# Treehugger shaves his head



## coyoteslayer (Sep 10, 2007)

If the UTES beat BYU then Treehugger has to shave his head at the party :lol:


----------



## Huge29 (Sep 17, 2007)

coyoteslayer said:


> If the UTES beat BYU then Treehugger has to shave his head at the party :lol:


To be a legally binding agreement there must be consideration from the other party; in other words when the opposite occurs, you will be shaving?


----------



## Treehugnhuntr (Sep 7, 2007)

DEAL.


----------



## Treehugnhuntr (Sep 7, 2007)

I will add that the loser must glue the shavings to make a nice magnum PI mustache and wear it all day sunday.


----------



## jahan (Sep 7, 2007)

Oh that reminds me of a scene in "Jackass II" the movie, but I can't go into details on this family friendly site. :mrgreen: :lol:


----------



## truemule (Sep 12, 2007)

Treehugnhuntr said:


> I will add that the loser must glue the shavings to make a nice magnum PI mustache and wear it all day sunday.

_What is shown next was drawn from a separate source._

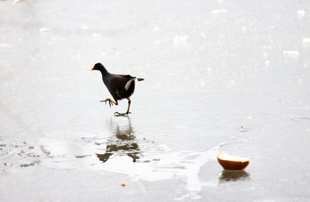 Common moorhen (Gallinula chloropus) walk on ice and eat bread. Waterhen or swamp chicken.

Except it wouldn't be a magnum mustache it would look more like a Lucielle Ball mustache. Assuming Tree has to shave.


----------



## jahan (Sep 7, 2007)

truemule said:


> Treehugnhuntr said:
> 
> 
> > I will add that the loser must glue the shavings to make a nice magnum PI mustache and wear it all day sunday.
> ...


 :rotfl: :rotfl: :rotfl: *()* *(())* *OOO* -BaHa!- :rotfl:


----------



## Treehugnhuntr (Sep 7, 2007)

I missed the point of that one. Help me out.


----------



## truemule (Sep 12, 2007)

Treehugnhuntr said:


> I missed the point of that one. Help me out.


You would have to see Lucielle in something besides black and white to get it, Red! :mrgreen:


----------



## Treehugnhuntr (Sep 7, 2007)

I aint a redhead, them r gross. :mrgreen: 

I'd a given Lucy the business, back in the day.

T


----------



## jahan (Sep 7, 2007)

Treehugnhuntr said:


> I missed the point of that one. Help me out.


Sorry, bad joke as usual on my side of things. I guess if you had seen the terroist taxi scene in Jackass II it might of made some sense.  :mrgreen:


----------



## Huge29 (Sep 17, 2007)

Treehugnhuntr said:


> I aint a redhead, them r gross. :mrgreen:
> 
> I'd a given Lucy the business, back in the day.
> 
> T


Speaking of which, how is the mullet coming along? Will there be a contest this year? Speaking of business, look up on Youtube, "football official business" an ACC official explained a hold by stating "he was giving him the business" over the PA.


----------



## Treehugnhuntr (Sep 7, 2007)

No need to be embarrassed jahan, we all say stupid things every now and again, you just happen to do it more frequently.  :mrgreen:

Huge, I like that phrase, it's a good one.


----------



## jahan (Sep 7, 2007)

Treehugnhuntr said:


> No need to be embarrassed jahan, we all say stupid things every now and again, you just happen to do it more frequently.  :mrgreen:


Well I learned from the best Tree, I obviously have a ways to come still. :wink: :lol:


----------



## Treehugnhuntr (Sep 7, 2007)

:mrgreen:


----------



## Huge29 (Sep 17, 2007)

jahan said:


> Treehugnhuntr said:
> 
> 
> > No need to be embarrassed jahan, we all say stupid things every now and again, you just happen to do it more frequently.  :mrgreen:
> ...


That is what she said! :lol:


----------



## Treehugnhuntr (Sep 7, 2007)

You're a bad man, but not nearly as bad as if you had a propensity for cheering for the red pedophiles.


----------



## coyoteslayer (Sep 10, 2007)

I


> aint a redhead, them r gross.
> 
> I'd a given Lucy the business, back in the day.
> 
> T


You're think of another MOD


----------



## Treehugnhuntr (Sep 7, 2007)

fatbass said:


> Is coyoteslayer in for the shave when the UTES go down in flames? It seems one sided here.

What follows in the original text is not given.